FIG. 1 is a side view showing an outline of a motorcycle including an intake device according to an embodiment of the present invention.

FIG. 2 is an enlarged plan view showing a main part of a front half of the motorcycle shown in FIG.

FIG. 3 is a front view of FIG. 2;

FIG. 4 is a side view of FIG. 2, partly in cross section.

[Explanation of symbols]

 1 Head Pipe 2 Main Frame 3 Engine 8 Fairing 9 Air Cleaner 10 Carburetor 12 Air Intake 13 Intake Duct 17 Air Vent Tube (Air Vent Passage) A Motorcycle

[Procedure amendment]

[Submission date] June 5, 1995

[Procedure Amendment 1]

[Document name to be amended] Statement

[Name of item to be corrected] Brief description of the drawing

[Correction method] Change

[Correction content]

[Brief description of drawings]

FIG. 1 is a side view showing an outline of a motorcycle including an intake device according to an embodiment of the present invention.

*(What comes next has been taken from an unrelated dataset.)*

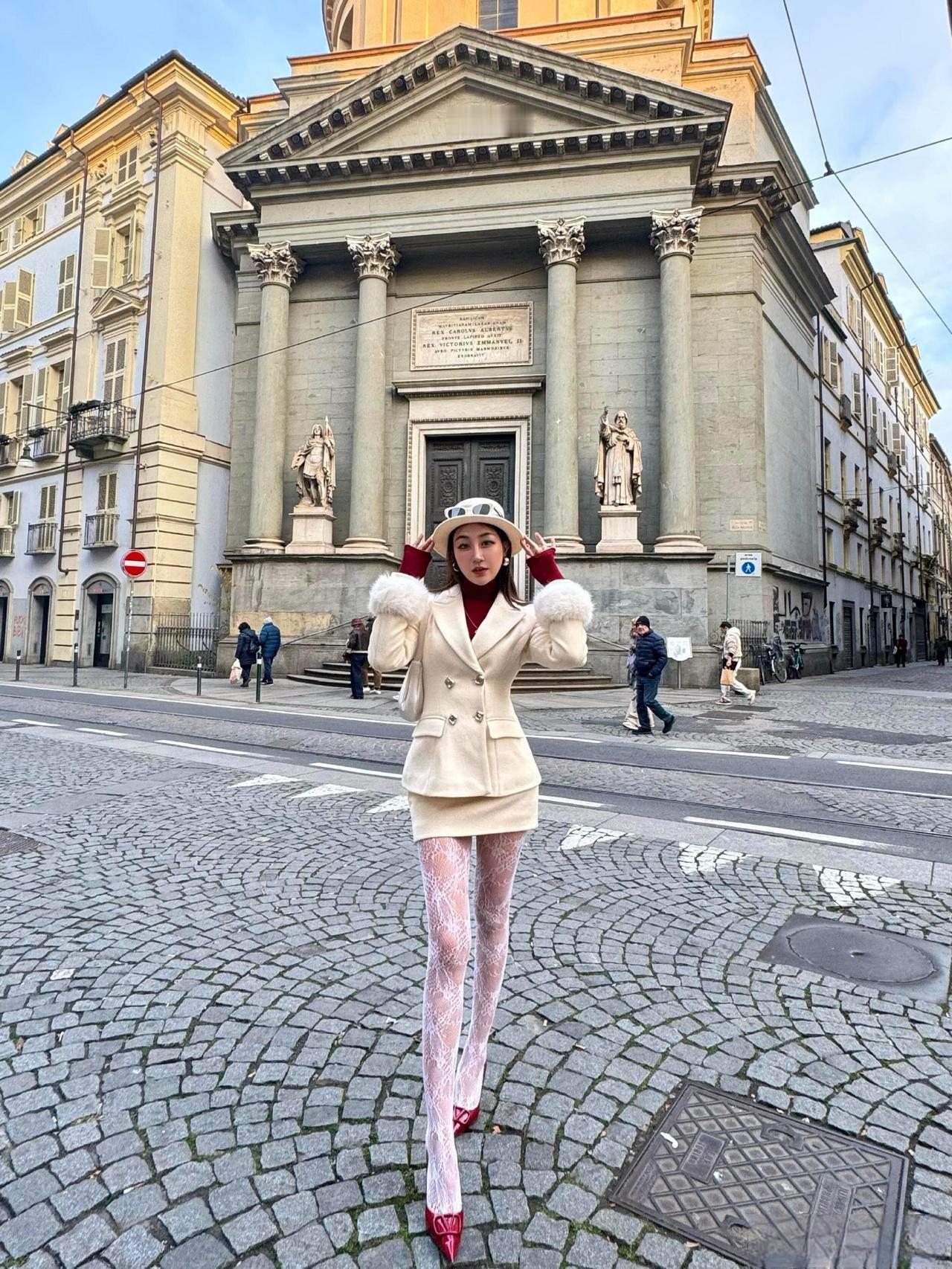 这套穿搭把“优雅贵气”平衡得刚好!米白色毛领西装套装自带高级感,内搭酒红色内搭和红色尖头鞋又添了精致亮点,搭配贝雷帽更显法式氛围!西装洋气穿搭 白色西装杀

FIG. 2 is an enlarged plan view showing a main part of a front half of the motorcycle shown in FIG.

FIG. 3 is a front view of FIG. 2;

FIG. 4 is a side view of FIG. 2, partly in cross section.

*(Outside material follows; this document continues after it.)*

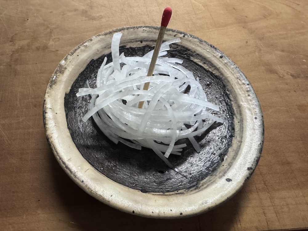 なんとかしようと握り込んでしまい包丁の刃線と大根の表面にねじれが生じてまた逆パイロンを生み出してしまいました。

FIG. 5 is a plan view showing a front half portion of a motorcycle provided with an intake device according to another embodiment of the present invention.

FIG. 6 is a side view of FIG. 5;

FIG. 7 is a plan view showing a front half portion of a motorcycle provided with an intake device according to still another embodiment of the present invention.

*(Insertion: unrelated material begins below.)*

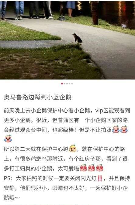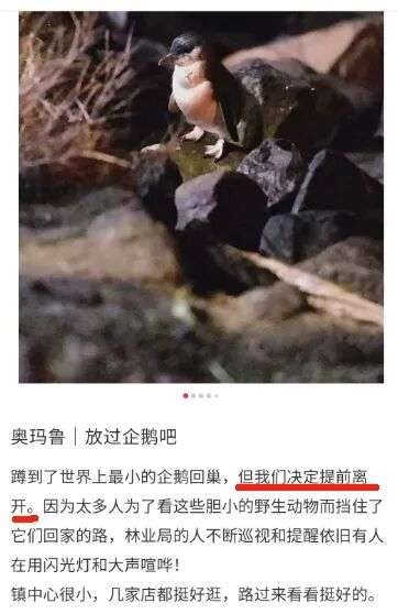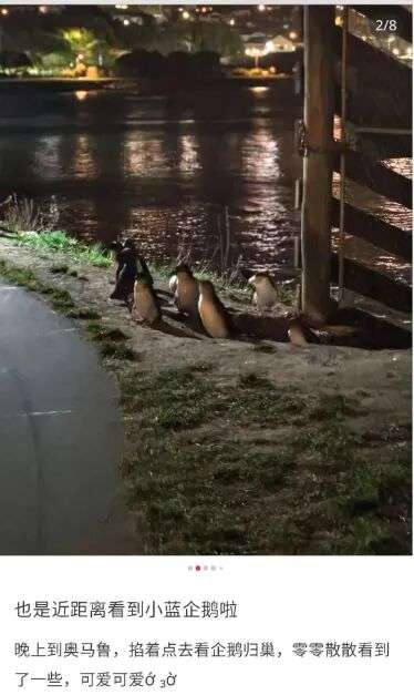 “蹲到了世界上最小的企鹅回巢,但我们决定提前离开。因为太多人为了看这些胆小的野生动物而挡住了它们回家的路……”

FIG. 8 is a side view of FIG. 7;

[Explanation of reference symbols] 1 head pipe 2 main frame 3 engine 8 fairing 9 air cleaner 10 carburetor 12 air intake 13 intake duct 17 air vent tube (air vent passage) A motorcycle

Claims (5)

[Claims] 1. An intake system for a vehicle engine in which outside air is introduced into a carburetor through an air cleaner using traveling wind pressure, and the mixture mixed with fuel in the carburetor is introduced into a combustion chamber. An air intake device for a vehicle engine, wherein air intakes are provided symmetrically with respect to an axis, and the respective air intakes and the air intake of the air cleaner are connected by independent air intake ducts. 2. The motorcycle is a motorcycle having a fairing, wherein the air intakes are opened on both sides of the front surface of the fairing, and the air intakes and the air intakes of the air cleaners are independent of each other. The intake system for a vehicle engine according to claim 1, wherein the intake systems are connected by symmetrical intake ducts. 3. The intake system for a vehicle engine according to claim 2, wherein the intake ducts on both sides are formed integrally with the fairing. 4. A front end opening of an air vent passage communicating with an upper space of a float chamber of the carburetor,
The intake system for a vehicle engine according to any one of claims 1 to 3, wherein the intake system is arranged near the air intake port of each intake duct toward the front. 5. A front end opening of an air vent passage communicated with an upper space of a float chamber of the carburetor,
The intake system for a vehicle engine according to claim 2 or 3, wherein the intake system is provided in a central portion of the fairing.